Be careful when playing “hardball”: you could strike out! The risks of attempting to recover defence costs

By: Michael Blinick, Partner & Simren Dhother, Articling Student

When commencing an action, there is an obligation on a plaintiff to identify and pursue all parties that may be liable for a loss. Through further investigation and in the usual course of advancing an action, the plaintiff may learn that one or more of the named defendants is not in fact liable for the claimed losses. In such an occurrence, the plaintiff will frequently propose a dismissal or discontinuance of the action as against the specific non-liable party only and will often propose to do so on a “without costs basis” – meaning that each party swallows the litigation costs incurred in advancing the litigation to this point. Despite such an offer, defendants are often reluctant to accept a dismissal without costs and will often want to recover the costs that have been incurred.

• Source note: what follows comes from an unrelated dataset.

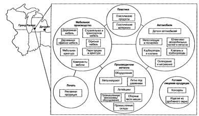 Профессор Портер приводит следующий пример формирования крупных кластеров Гранд Рапидс в США (рис. 1).
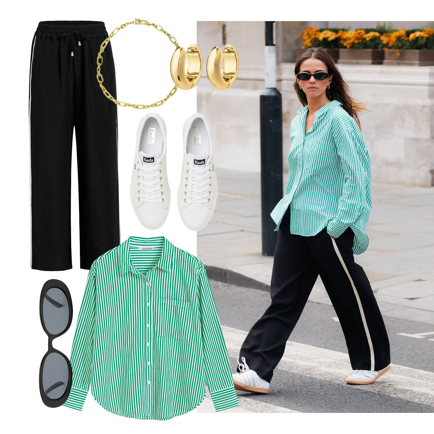 This look brings easy street style to life. The green striped shirt adds a fresh pop of colour against sleek black trousers, while crisp white sneakers and gold accents keep it elevated. Throw on bold shades and you’re set for coffee runs, city strolls, or wherever your day takes you, style made simple.

Ontario’s Rules of Civil Procedure recognize that defendants or third parties may have incurred a substantial amount of money in defending an action that the plaintiff subsequently seeks to discontinue. In such cases, the party being let out of the action can bring a motion seeking its costs. However, just because a party requests their costs does not mean that costs will automatically be awarded. This was previously addressed in Kavanagh v the Estate of Pierrette Feihl (2016 ONSC 7886) where the Court set out that it is only appropriate to seek costs where the claim was frivolous or vexatious or pursued in bad faith.

The Court of Appeal for Ontario has recently confirmed that courts are to apply the “justified action” or “exceptional circumstances” test when determining whether compensation for the defence costs incurred by a party should be awarded. The ruling in Nesbitt v Jeffery (2022 ONCA 702) arose after a party (the Ministry of Transportation or “MTO”) was offered to be let out of the action on a without costs basis after undergoing examinations for discovery and 5 days after having answered its undertakings. The MTO was unwilling to accept the without costs discontinuance that was offered and, instead, brought a motion pursuant to Rule 23.05 seeking an Order for its incurred defence costs.

In reviewing the facts and the applicable case law, the Court found that it was not reasonable for the MTO to insist on costs when it was offered to be released from the litigation within 5 days of answering undertakings. Furthermore, the Court found that there was nothing frivolous or vexatious in the action that was initiated as against the MTO. The Court was unsatisfied with the MTO’s position that it should be awarded its costs and, instead, awarded costs as against the MTO for unsuccessfully bringing the motion to recover its costs.

The MTO’s decision to pursue its costs despite the without costs offer being viewed as reasonable was a clear factor in the lower court’s use of its discretionary authority to reject the MTO’s request for the defence costs that it had incurred. As a result, costs were awarded as against the MTO for its unsuccessful motion. In this respect, the Court of Appeal confirmed that it was within the motion judge’s discretion to award costs and the MTO’s motion for costs was unsuccessful.

The key takeaway in this decision is that a party that rejects an offer to go out without costs and maintains the litigation for the sole purpose of recovering the costs that had been incurred may ultimately find itself paying costs. Given this, it is often wise for a defendant to ‘hold its nose’ and accept the without costs dismissal. In other words, achieving the success of a single may not seem like an achievement but it is much better than playing hardball and striking out.